Thomas Mardal (born 16 April 1997) is a Norwegian hammer thrower. He has competed at multiple major championships, including the 2024 Olympic Games. He won NCAA championships titles in both the weight throw and the hammer throw.

==Biography==
Whilst attending the University of Florida he became NCAA champion in the weight throw. He broke the Norwegian national record in the weight throw in February 2021, achieving a distance of 24.16 metres. He also became 2021 NCAA champion in the hammer throw. That year, he improved his personal best in the hammer throw to improved his lifetime best in the hammer to 76.18m whilst competing in Kingston, Jamaica.

He competed at the 2022 World Athletics Championships in Eugene, Oregon in the men's hammer throw, where his throw of 72.90 metres was insufficient to proceed to the final of the championships.

He finished runner-up at the 2023 European Throwing Cup in Portugal with a throw of 73.94 metres. He competed at the 2023 World Athletics Championships in Budapest, Hungary, where he managed a distance of 73.13 metres but did not progress to the final of the hammer throw.

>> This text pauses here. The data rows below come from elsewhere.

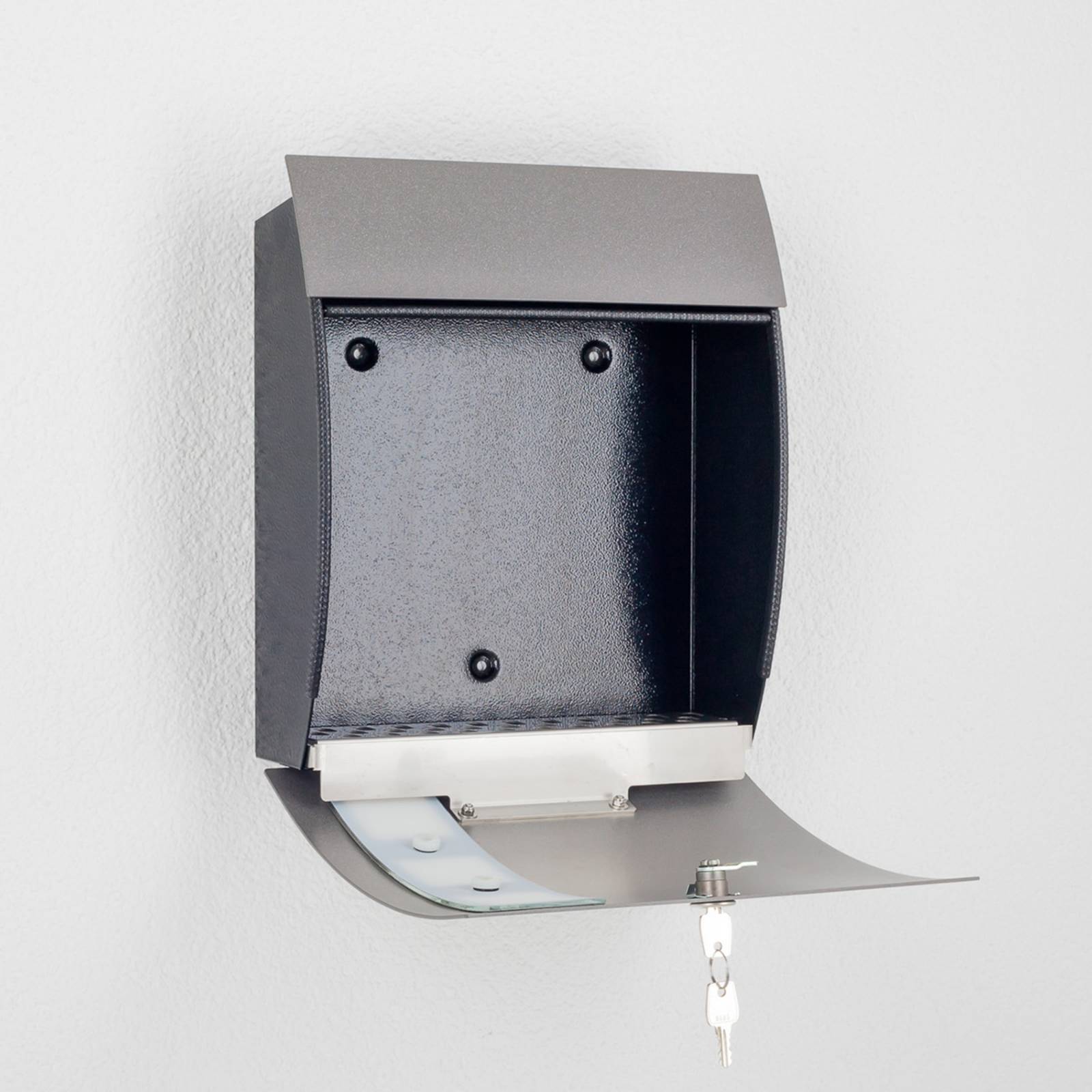 Pregiata cassetta postale Nila con pannello frontale color antracite Questa pregiata cassetta postale decorativa in un moderno color antracite può essere impiegata in modo versatile. Tre ritagli quadrati caratterizzano l'elegante pannello frontale, completando al meglio il design di questa casetta. Sono poi disponibili dei rotoli di giornali adeguati a questa cassetta (vedi accessori): I materiali di qualità e la loro accurata lavorazione caratterizzano i prodotti fabbricati in Germania da questo produttore, tutti dotati della più moderna tecnologia.
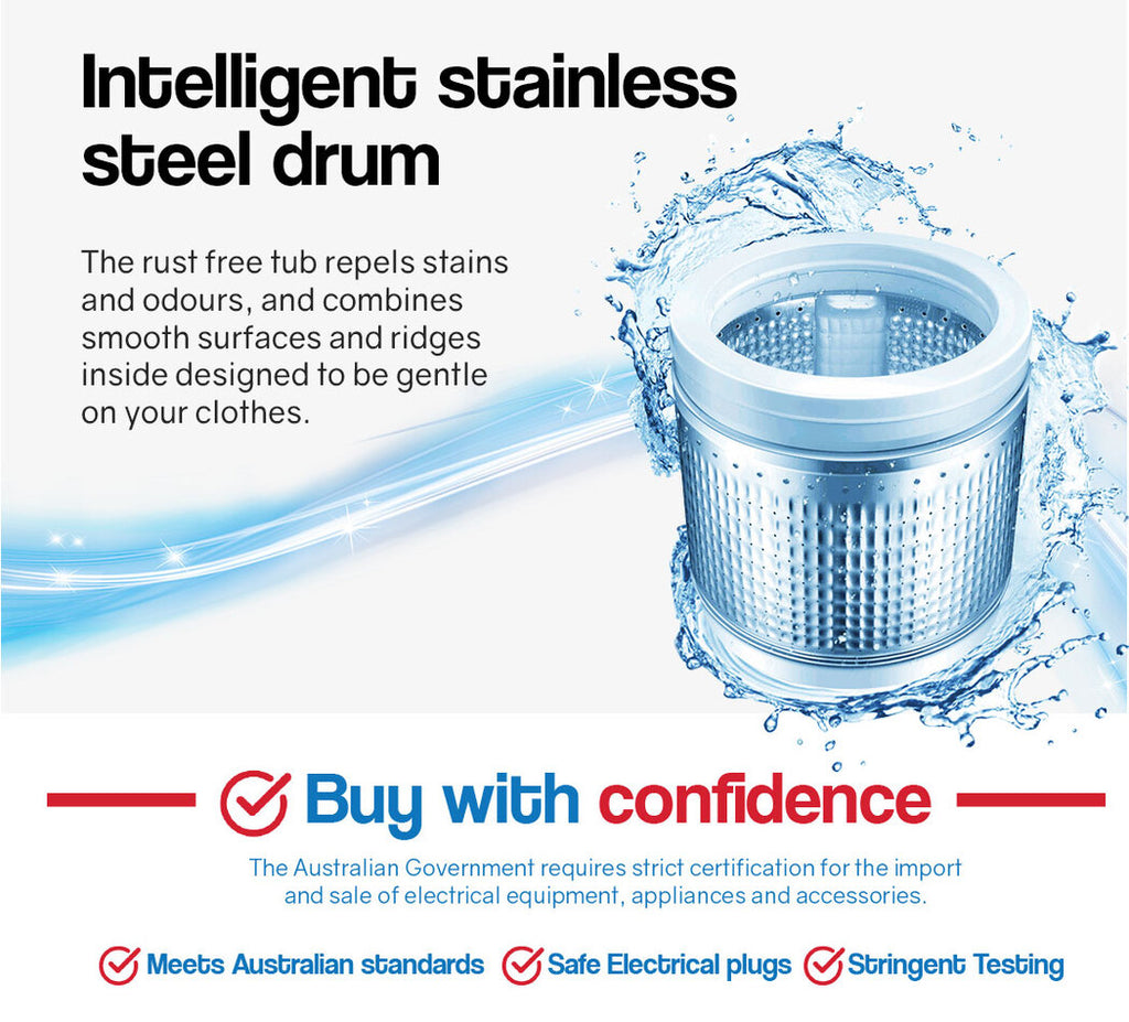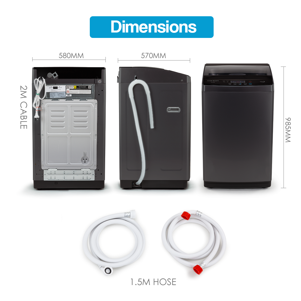 The Carson® 9kg Top Load Washing Machine is a smart and practical investment, combining style, durability and smart functionality. Designed with convenience in mind, the Carson® Washing Machine has a simple yet elegant control panel that’s equipped with an easy to read LED display, giving you total control to achieve the exact variation of wash for any type of garment.
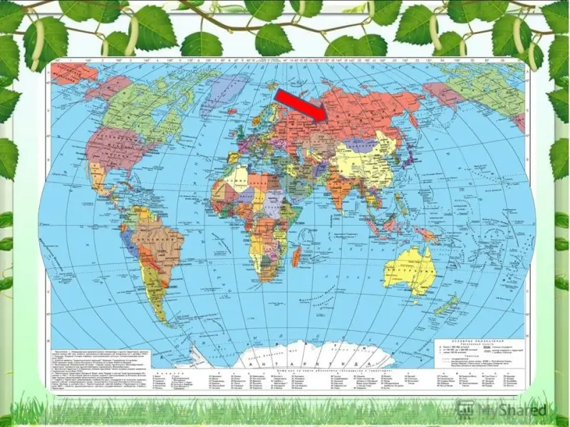 - А сейчас посмотрим, как выглядит Россия на карте мира. (СЛАЙД 5)

He competed in the 2024 European Championships in Rome, Italy in the hammer throw where his best throw of 71.16 metres was not enough to qualify for the final. He competed in the hammer throw at the 2024 Paris Olympics, placing eleventh overall.

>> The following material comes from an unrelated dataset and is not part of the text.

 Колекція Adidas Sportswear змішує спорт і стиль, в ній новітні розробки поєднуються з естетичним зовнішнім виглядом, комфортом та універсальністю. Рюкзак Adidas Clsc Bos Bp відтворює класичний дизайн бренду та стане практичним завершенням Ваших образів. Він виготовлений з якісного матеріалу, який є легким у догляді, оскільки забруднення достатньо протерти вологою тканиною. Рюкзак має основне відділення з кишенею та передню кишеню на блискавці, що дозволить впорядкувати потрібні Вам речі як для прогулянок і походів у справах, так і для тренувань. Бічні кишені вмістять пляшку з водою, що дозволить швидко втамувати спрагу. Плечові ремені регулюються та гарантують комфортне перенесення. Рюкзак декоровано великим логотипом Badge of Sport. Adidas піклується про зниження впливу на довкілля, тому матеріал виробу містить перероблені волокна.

He won the bronze medal in the hammer at the 2025 European Throwing Cup in Nicosia, Cyprus, in March 2025. He finished third with a personal best 78.25 metres at the 2025 Bislett Games in Oslo on 12 June 2025. He won the hammer throw for Norway at the 2025 European Athletics Team Championships Second Division in Maribor on 28 June. In September 2025, he placed sixth overall competing in the hammer throw at the 2025 World Championships in Tokyo, Japan.

In May 2026, Mardel threw a new personal best of 78.66 metres in Bergen. In August, he competed at the 2026 European Athletics Championships in Birmingham, England, in the hammer throw.

==Personal life==
He is the son of the former long jumper Ole Morten Mardal.